Zelix KlassMaster - Java Obfuscator

Java Integer Constant Encryption

When a competitor or hacker decompiles an obfuscated application, they will use any clue they can to locate the classes of interest to them. The integer constants that are embedded in your application may provide critical insights. Integer constants may be Java byte, char, short or int constant values. Integer constants may appear as the initial or constant values of certain fields or they may be referenced from within a method. These constants may be used as:
  • Product codes,
  • Decryption keys,
  • Application specific processing indicies.
The competitor or hacker decompiles all your classes then performs simple string searches on the generated source code looking for constants of interest to them.

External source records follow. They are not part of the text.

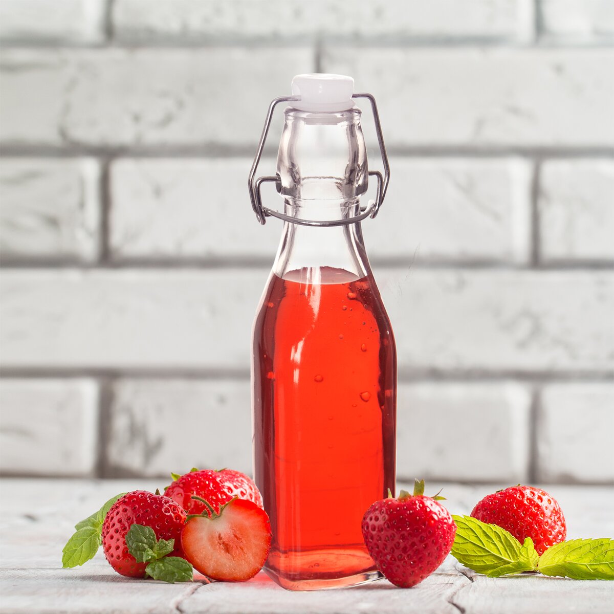 Má praktický pákový uzávěr a kvalitní silikonové těsnění, což zajistí, že ani kapka nápoje nepřijde nazmar. Naplněná vaším domácím výtvorem poslouží i jako krásný dárek pro vaše nejbližší nebo jako svatební pozornost pro pozvané hosty.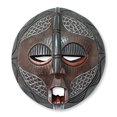 NOVICA Decorative Peace And Calm Sese Wood and Aluminum Mask, Brown, 'Peace Talker'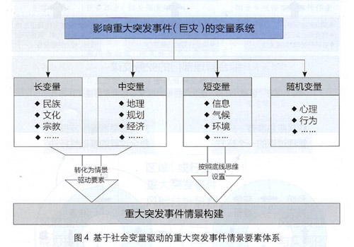 重大突發(fā)事件本身是一個(gè)復(fù)雜系統(tǒng)。當(dāng)嘗試通過“情景構(gòu)建”來表征重大突發(fā)事件的規(guī)律特點(diǎn)時(shí),按照社會(huì)物理學(xué)理論,需要對(duì)一系列社會(huì)變量進(jìn)行描述,決定重大突發(fā)事件情景的變量包含:長變量(與民族、文化、宗教相關(guān)的變量)、中變量(與地理、規(guī)劃、經(jīng)濟(jì)、社會(huì)相關(guān)的變量)、短變量(與信息、氣候、環(huán)境、交通等相關(guān)的變量)、隨機(jī)變量(與心理、行為以及未知因素相關(guān)的變量)(見圖4)。為確保重大突發(fā)事件情景能夠準(zhǔn)確地代表不斷演化的國家風(fēng)險(xiǎn)(或者地區(qū)風(fēng)險(xiǎn)),情景構(gòu)建過程中,需將上面所述的長變量與中變量設(shè)置為情景恒定要素,當(dāng)這兩類變量發(fā)生變動(dòng)時(shí),需要及時(shí)修訂情景;此外,關(guān)于短變量,應(yīng)該基于“底線思維”,設(shè)置可能導(dǎo)致事件往最壞方向發(fā)展的變量,這樣可以有效保證與情景所匹配的目標(biāo)能力具備“冗余”。而隨機(jī)變量,對(duì)于情景構(gòu)建來說不具備較大價(jià)值,不應(yīng)該在情景中描述。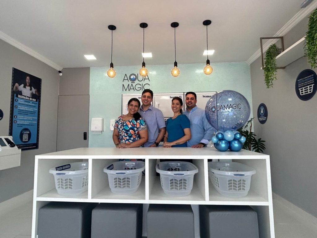 Para concretizar essa ideia, Larissa, junto com seu marido Mateus Said (casal à esq.) e seus cunhados Pedro Henrique e Janaina, decidiu investir em um modelo de lavanderia automatizada, algo ainda inédito na cidade.

Zelix KlassMaster's Integer Constant Encryption technology encrypts your integer constants where they are stored in the Constant Pools of your class files. It then adds fragments of code to your classes so that your integer constants are decrypted at runtime.

See the Integer Constant Encryption Tutorial for more technical detail.

Example

Method decompiled 

int method0() {
   return 127;
}

Method Integer Constant Encrypted with Method Parameter Changing then decompiled 

private static final long a = o.a(425868181624802497L, 7792344439649777418L, MethodHandles.lookup().lookupClass()).a(188318979481983L);
int method0(long var1) {
  var1 ^= a;
  return true.g(14977, 1548317666104588234L ^ var1);
}

Limitations

Note that Zelix KlassMaster's Integer Constant Encryption isn't and cannot be fundamentally irreversible. However, we are continually improving it to "harden" it against deobfuscation. For example, Zelix KlassMaster's Method Parameter Changes functionality can significantly "hardens" Zelix KlassMaster's Integer Constant Encryption.